Current U.S. policy, however, is not adequate to meaningfully reduce the effect of these events on homes, businesses, communities, infrastructure, natural habitats, and the economy. To address these shortcomings, Pew’s initiative on creating flood-prepared communities works on the following policy areas:
Federal flood insurance. Created in 1968, the National Flood Insurance Program (NFIP) provides federally backed coverage for homeowners and small businesses in more than 22,000 communities across the country. The program was established to offset the lack of private sector flood insurance and to help reduce federal spending on disaster response and rebuilding. Today NFIP is nearly $24 billion in debt and faces an unsustainable future.

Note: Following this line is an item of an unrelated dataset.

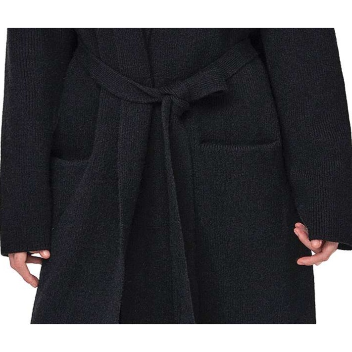 柔らかな肌触りが特徴の黒レディースカーディガン。ロング丈のゆったりシルエットが体型を美しくカバーし、上品な印象を与える一着。シンプルなデザインは多様なコーディネートにマッチし、大きめのポケットが実用性をアップ。デイリーユースから特別な日まで、幅広いシーンで活躍する便利なアイテムです。

To effectively address flooding nationwide, NFIP must ensure that rates better reflect actual risk, reduce impacts on frequently affected areas, and have sufficient financial reserves to respond to catastrophic events.
Disaster mitigation. The federal government offers aid to states, localities, and individuals when disasters overwhelm local capacity. The number of disaster declarations has risen from an average of 46 a year in the 1990s to 50 in the 2000s to 67 from 2010 to 2014, and associated costs have grown as a result. The federal government should increase investments in hazard planning and mitigation to help states and municipalities prepare for and avoid the worst impacts of extreme weather events and to stem the rising costs of flood disasters.

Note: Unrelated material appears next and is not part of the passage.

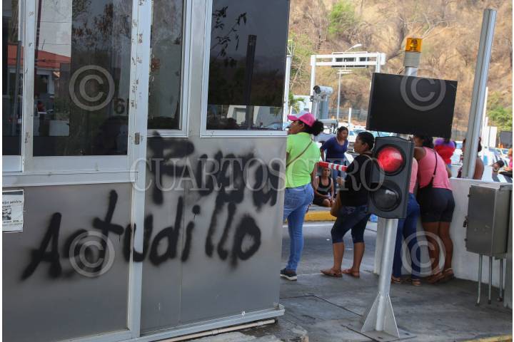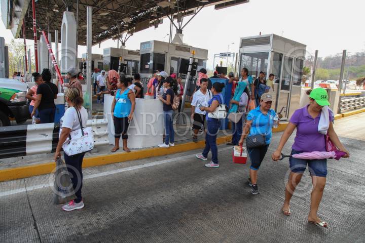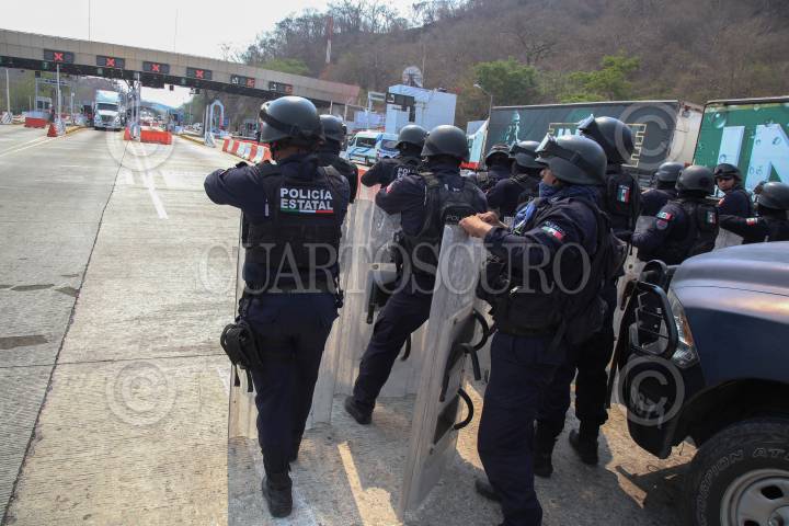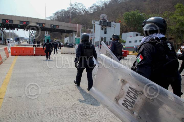 ACAPULCO, GUERRERO, 24MAYO2019.- Madres de familia de la zona Escolar 44 de Acapulco tomaron la caseta de La Venta de la Autopista del Sol, para manifestarse y exigir a las autoridades de la Secretaria de la Educación de Guerrero maestros que hacen falta en ocho escuelas de esa zona. Durante la toma de la caseta pidieron una cooperación de 50 pesos a los automovilistas para poder pagar a maestros interinos. Alrededor de 30 policías antimotines estatales llegaron para tratar de disuadir la protesta, por lo que las madres de familia optaron por retirarse del lugar. FOTO: CARLOS ALBERTO CARBAJAL /CUARTOSCURO.COM

Infrastructure. The essential facilities and services that communities rely on include roadways, electrical power, water utilities, and hospitals. When flooding damages infrastructure, the impact on residents and businesses can be devastating and the costs of repair can be significant. Policies that guarantee federal investment in construction or reconstruction must consider current and future flood risks to break the cycle of loss and repair in flood-prone areas.

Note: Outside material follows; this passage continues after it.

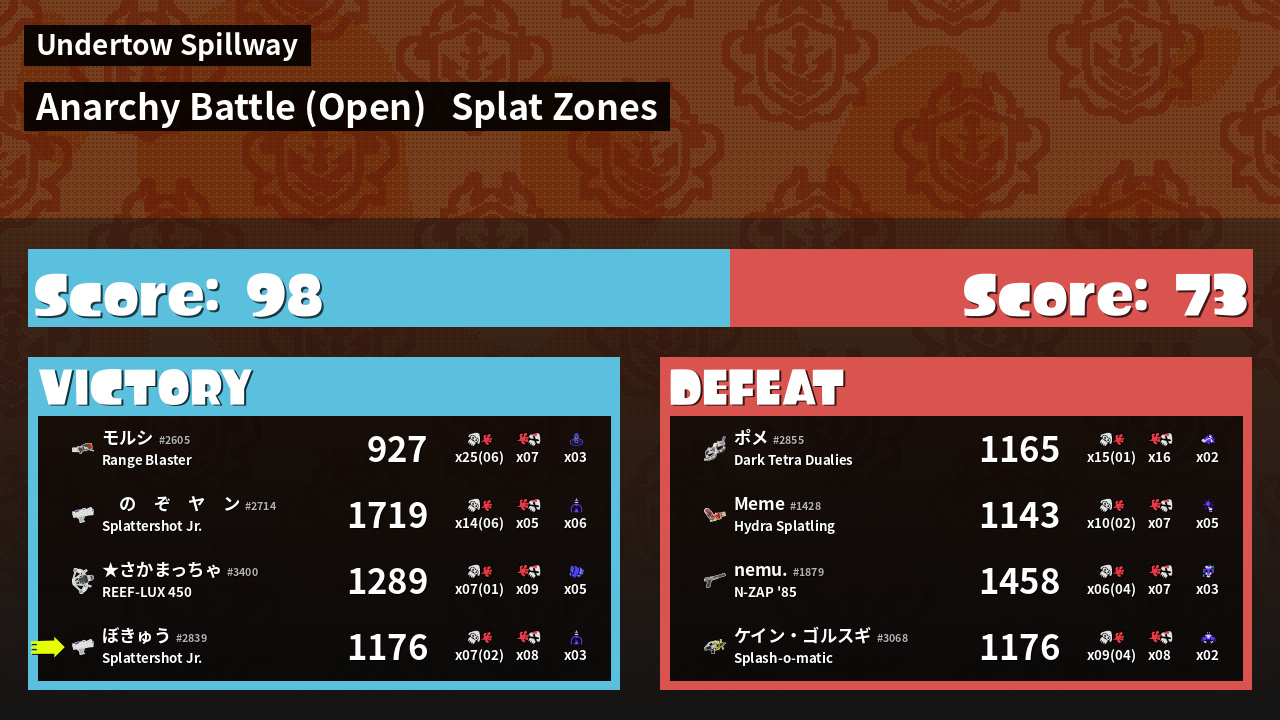 Results of ぼきゅう's Battle

Nature-based solutions. Healthy coastal and riverine areas provide multiple benefits to society and the economy, including fish and wildlife habitats, floodwater storage, storm protection, and recreational and tourism opportunities. Traditional approaches to shoreline management and flood protection have focused on infrastructure, such as seawalls and bulkheads, but these efforts are often ineffective and may even diminish nature’s ability to protect communities. Policies should account for the role of natural defenses in flood planning and preparedness and should increase federal funding for effective new approaches to protect property and the environment.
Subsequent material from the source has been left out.